In recent days, Hale has posted about IASCO Flight School numerous times on Facebook and X. He has claimed the school has nefarious ties to China’s military and that members of the public who have expressed concerns have been ridiculed.
“Now that I have been elected to be their voice I intend to use it. No matter the risk,” Hale wrote on X on Jan. 25.
The councilman wrote that he was suspicious of flights near critical local infrastructure, including the Shasta Dam and Whiskeytown Dam.
On his Facebook page, Hale wrote that he was not advocating for students to get hurt but that he believed the Chinese military was “in our backyard collecting information on us and our infrastructure.”
In an interview with The Times on Tuesday, Vorhis called Hale’s claims false and derogatory.
School staff, she said, undergo regular Transportation Security Administration training “to help us recognize potential threats” and “absolutely would” remove any student who raised safety concerns.
Vorhis said students fly over the Shasta Dam as part of their training, not for intelligence gathering.
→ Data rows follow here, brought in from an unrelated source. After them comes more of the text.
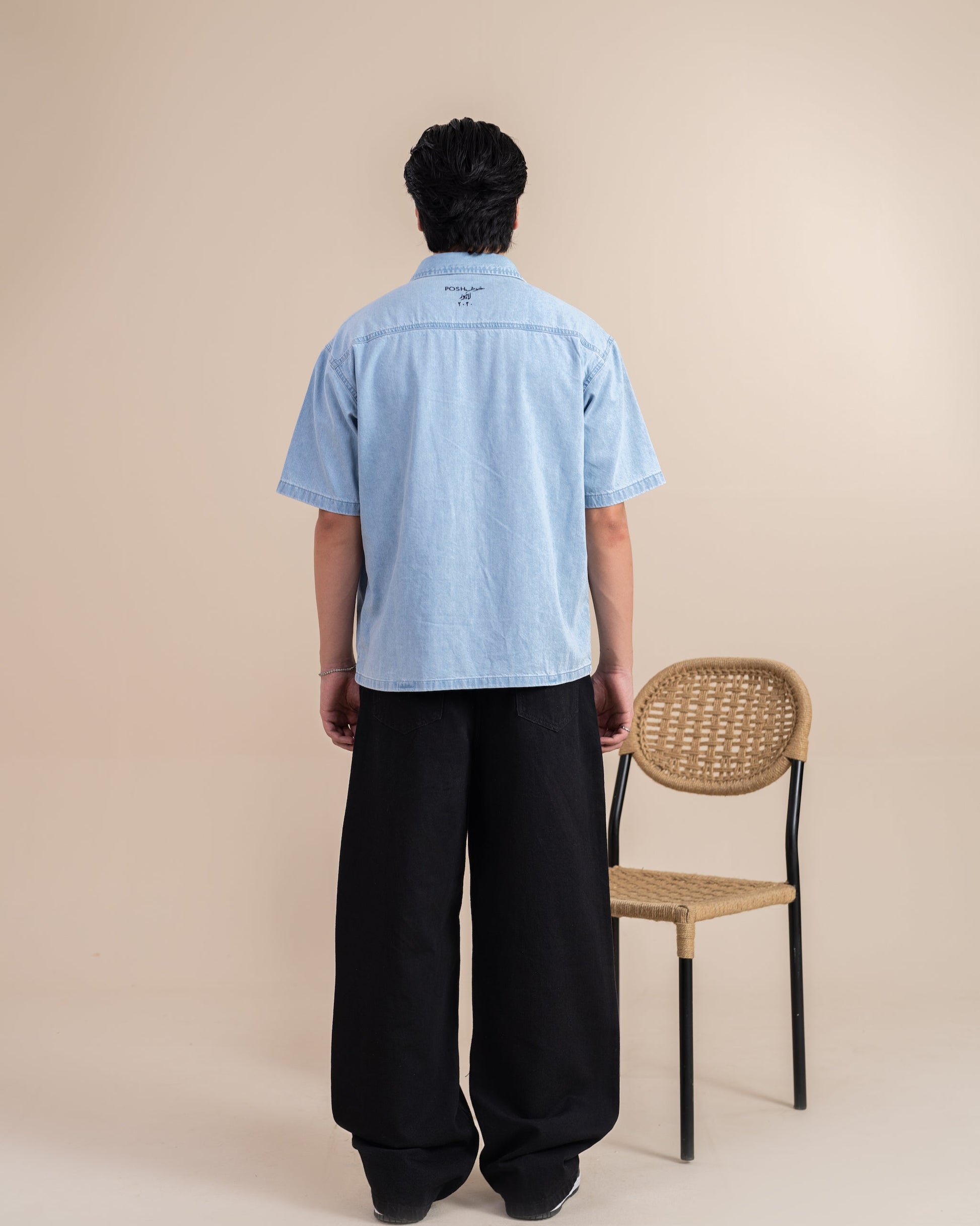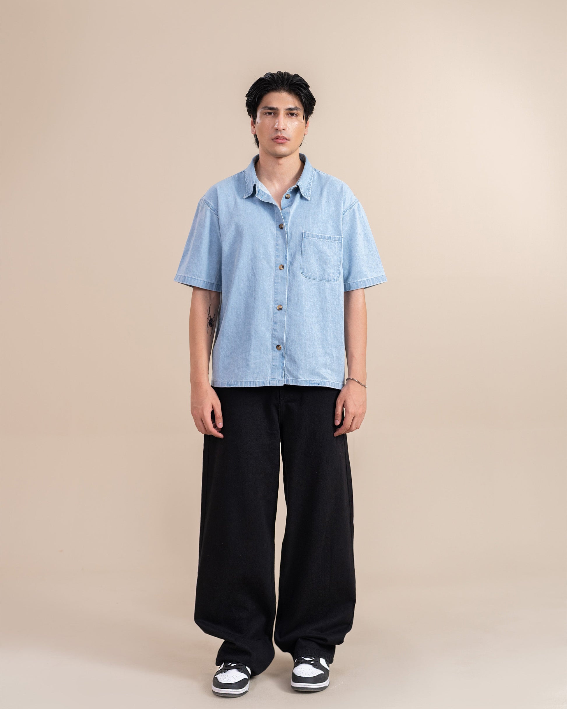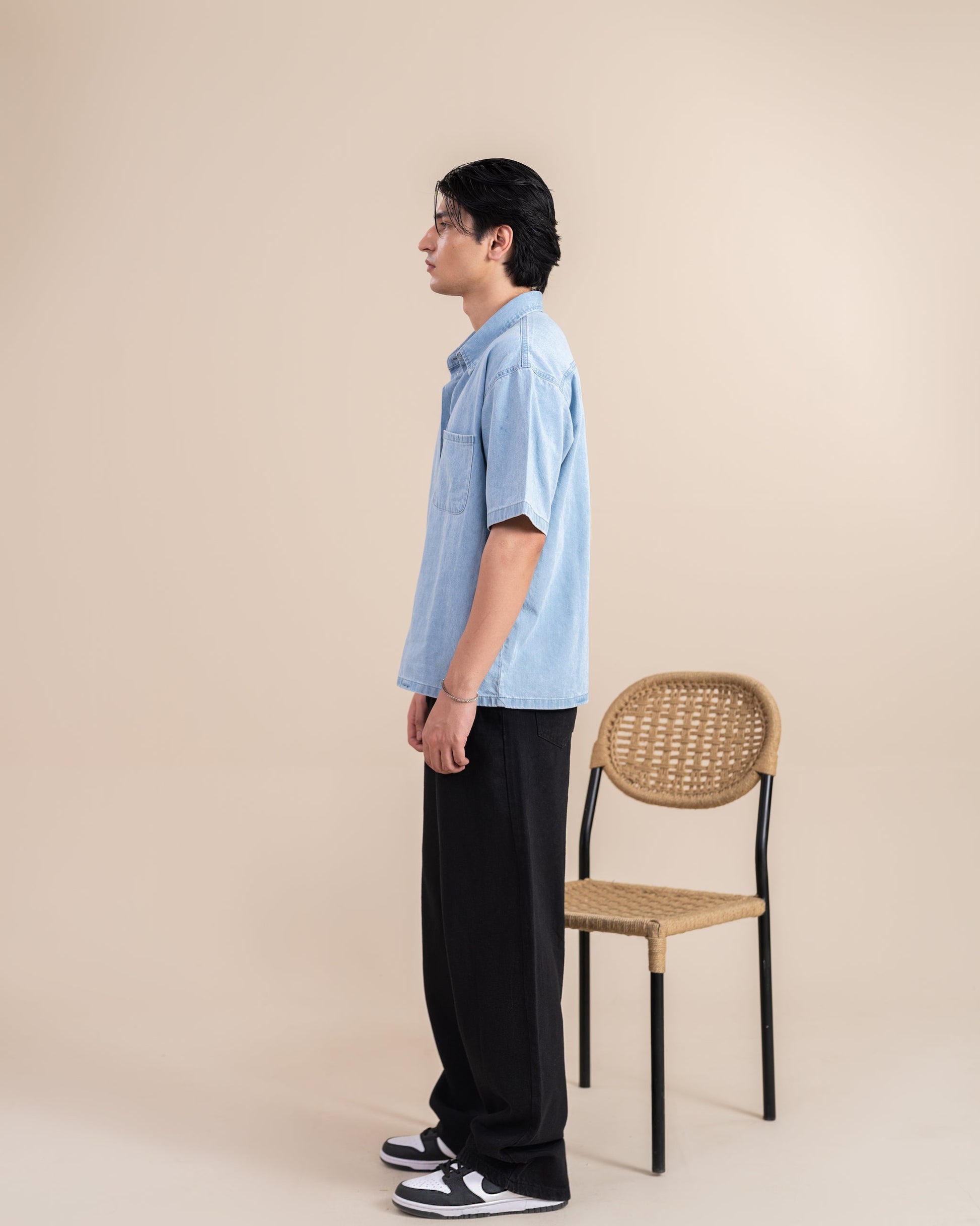 These jet-black high-rise jeans feature a classic wide-leg silhouette, a durable 100% genuine leather patch, and a timeless five-pocket design. Crafted from rigid denim, they offer an effortlessly stylish and structured fit.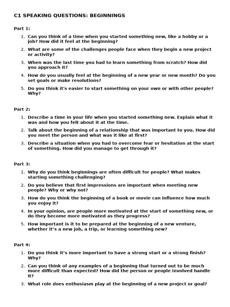 C1 Speaking Questions: Emotions, Excuses, Energy & Language - Studocu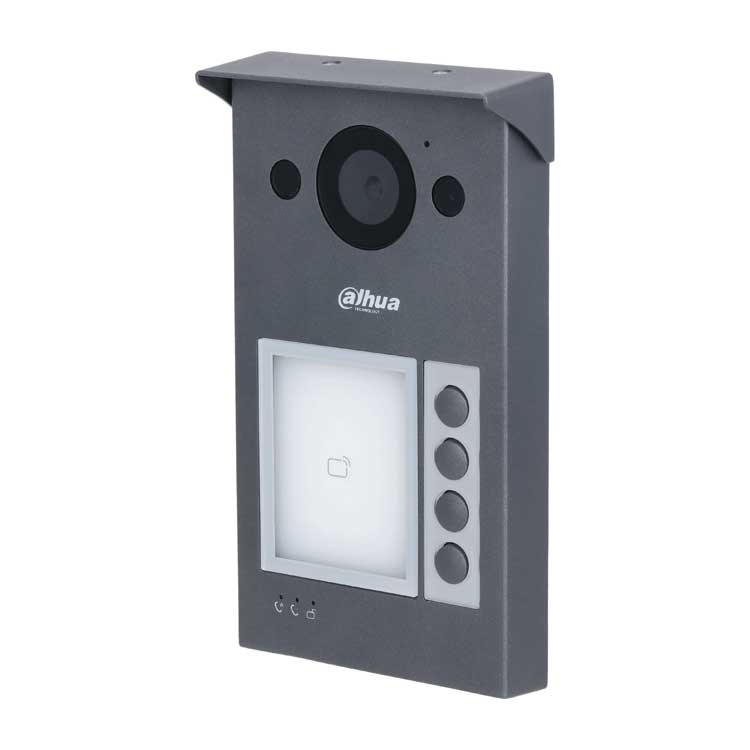 Вызывная панель с разрешением камеры 2мп и CMOS сенсором, угол обзора по горизонтали 125°, алюминевый сплав, уровень защиты IP65, IK08. Поддержка режима "Ночь" и голосового оповещения. Групповые вызовы. С четырьмя кнопками. Видео и аудио сообщения. Удаленный доступ через мобильное приложение DMSS. Установка на стену. Питание: DC 48V, PoE(802.3af), 2-проводной контроллер

She noted that the massive dam is not exactly secret — it has free public tours, and people can both walk across it and fish near it.
Vorhis said Hale sends messages or tags the school in a social media post “every few months.” Last week, she said, school officials successfully petitioned Facebook to remove some of his comments.
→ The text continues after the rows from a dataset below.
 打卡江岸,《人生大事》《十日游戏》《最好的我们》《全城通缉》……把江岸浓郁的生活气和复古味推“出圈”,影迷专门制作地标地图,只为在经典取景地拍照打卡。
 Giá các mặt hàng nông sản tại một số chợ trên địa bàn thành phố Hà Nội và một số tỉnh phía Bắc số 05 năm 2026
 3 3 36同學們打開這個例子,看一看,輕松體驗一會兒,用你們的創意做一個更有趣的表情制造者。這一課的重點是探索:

“For the most part we’ve been able to just ignore it, but when he singled out individual students, we felt unsafe,” she said.
In a public response to Hale’s Facebook comment with the altered photo, the school account wrote: “If you wish to continue this discussion, I suggest educating yourself first. The students pictured above are not even Chinese.”
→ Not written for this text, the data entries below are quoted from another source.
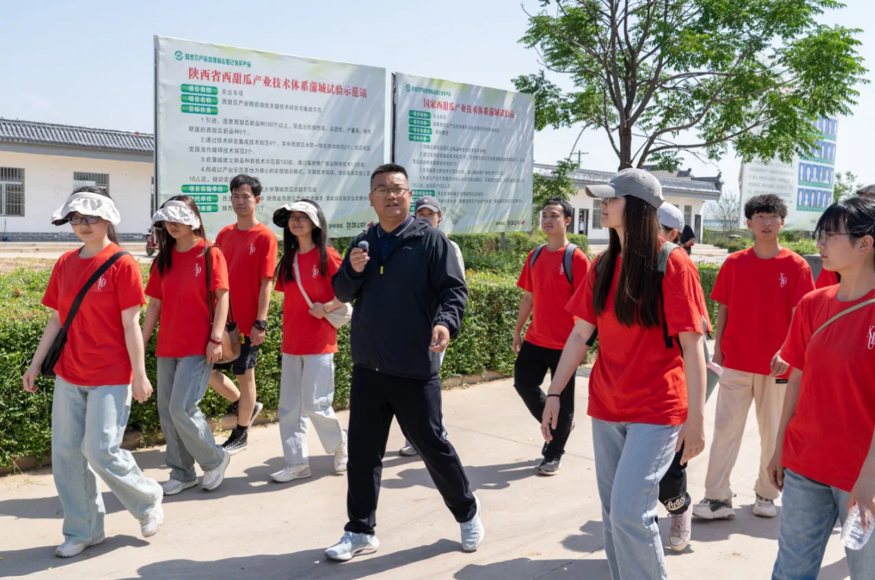 (通讯员 李栋)5月24日上午,由学校党委宣传部主办的“瓜棚里的思政课”在蒲城县西电产学研一体化农掌门示范基地成功举办。为进一步引导青年学子切身感受科技助力乡村振兴所取成效,涵养青年主动担当作为,计算机科学与技术学院组织13名本、硕团学骨干全程参与此次田间地头的沉浸式思政直播课,同时赴学院对口帮扶单位—蒲城县兴镇中心小学开展“小我融入大我”社区实践活动。学院党委副书记张莹莹、黄成龙参与此次活动。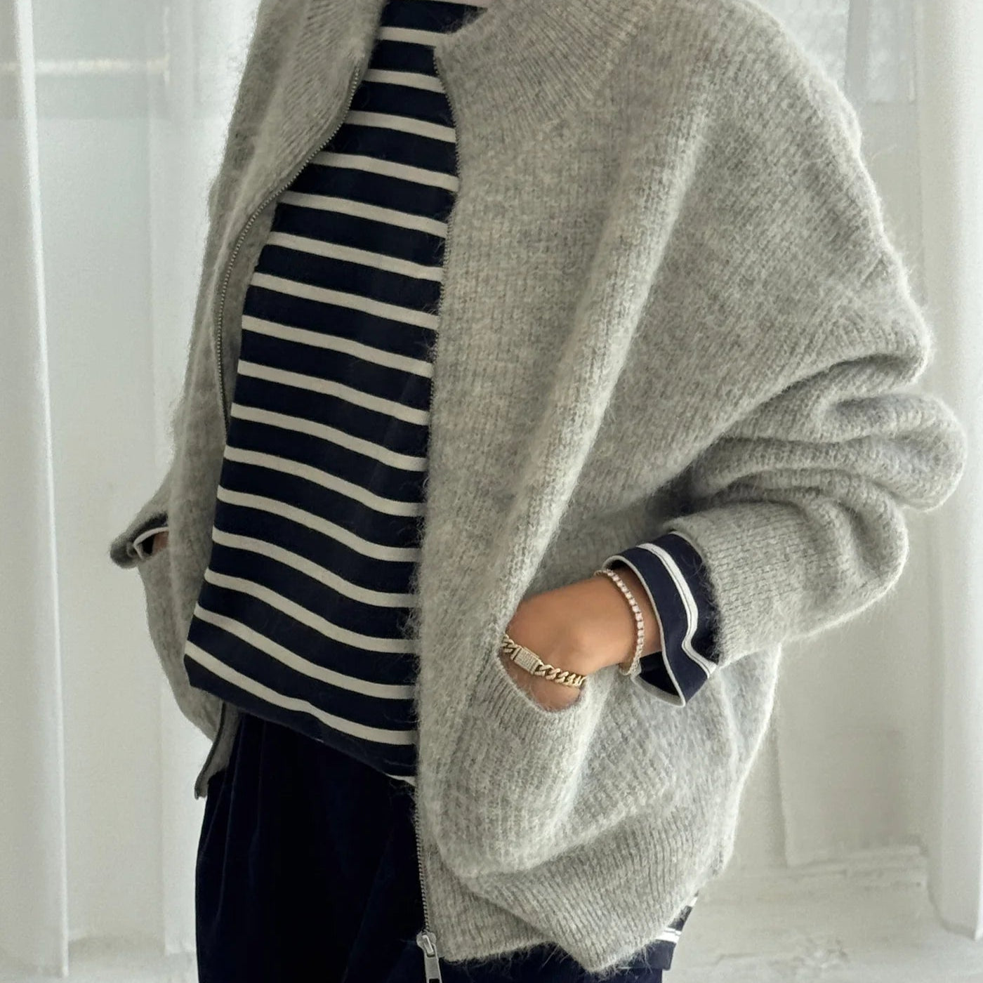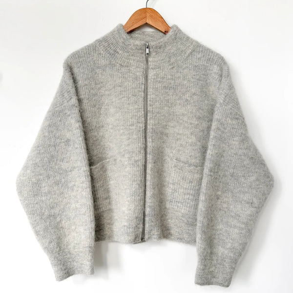 An elevated spin on a classic cozy sweater, the Alpaca Zip Front Jacket is crafted from a soft wool blend with a luxe hand feel. Designed with a mock neck, front pockets, and an easy zip closure, it’s the perfect layer for both relaxed days and more polished looks.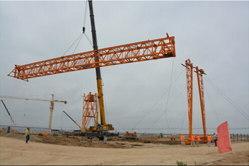 滨海项目部机械化专业公司克服困难,科学筹划、精心安排,优化吊装方案,按照施工现场的管理要求,进行特种设备的报检工作,施工方案的编、审、批和升版工作;在作业之前进行全面技术、安全交底工作,充分辨识作业过程中的危险点。安装方案采取200吨汽车吊单机吊装桥架进行就位安装工作,在所有参与作业人员的努力下,安装过程安全、顺利,圆满完成了40吨门吊的安装,为后续现场施工奠定了坚实的基础。

The school account added: “As for what intelligence you believe could be gathered flying Cessnas in Redding, California… That assumption speaks for itself.”
Hale responded with links to the right-wing news and opinion outlets Breitbart and Newsmax.
The school’s post says the pictured students are part of a class affiliated with the Hong Kong International Aviation Academy, which has a partnership with the Redding school.
Vorhis told The Times that the Hong Kong academy sends students from all over the world.
About half of IASCO’s roughly 100 students, she said, are from other countries. The school operates in Redding, she said, because it is one of the sunniest cities in the United States, allowing for more than 300 flying days per year.
In her letter to the Anderson City Council, Vorhis said international students are “authorized through established federal processes” and are subject to U.S. Citizenship and Immigration Services and TSA oversight, including background checks and biometric collection.
Vorhis urged the Anderson City Council to “reflect carefully on the conduct and public communications” of its elected leaders.
Anderson City Manager Joey Forseth-Deshais told The Times that Hale’s social media comments were “made in his capacity as a private citizen” and were “not associated with the City of Anderson at all.”
He said he did not know if the City Council would discuss the comments or its social media policy in future meetings.
In recent years, Shasta County has been a hotbed for hard-right governance, election denialism and conspiracy theories.
In 2023, the Shasta County Board of Supervisors voted to dump the county’s Dominion voting machines, citing discredited allegations of voter fraud pushed by President Trump. Elected leaders tried unsuccessfully to require hand-counting of ballots for their more than 110,000 registered voters.
Even the Shasta Mosquito and Vector Control District board of trustees — on which Hale recently served as president — has been the subject of controversy.
In 2023, the county supervisors appointed right-wing political activist Jon Knight, who warned of mosquitoes becoming “flying syringes that will mass vaccinate the population,” to the vector control board.
Knight — a hydroponic gardening supply store owner who was pictured outside the U.S. Capitol on Jan. 6, 2021— was chosen over a retired epidemiologist who was once the county’s public health director.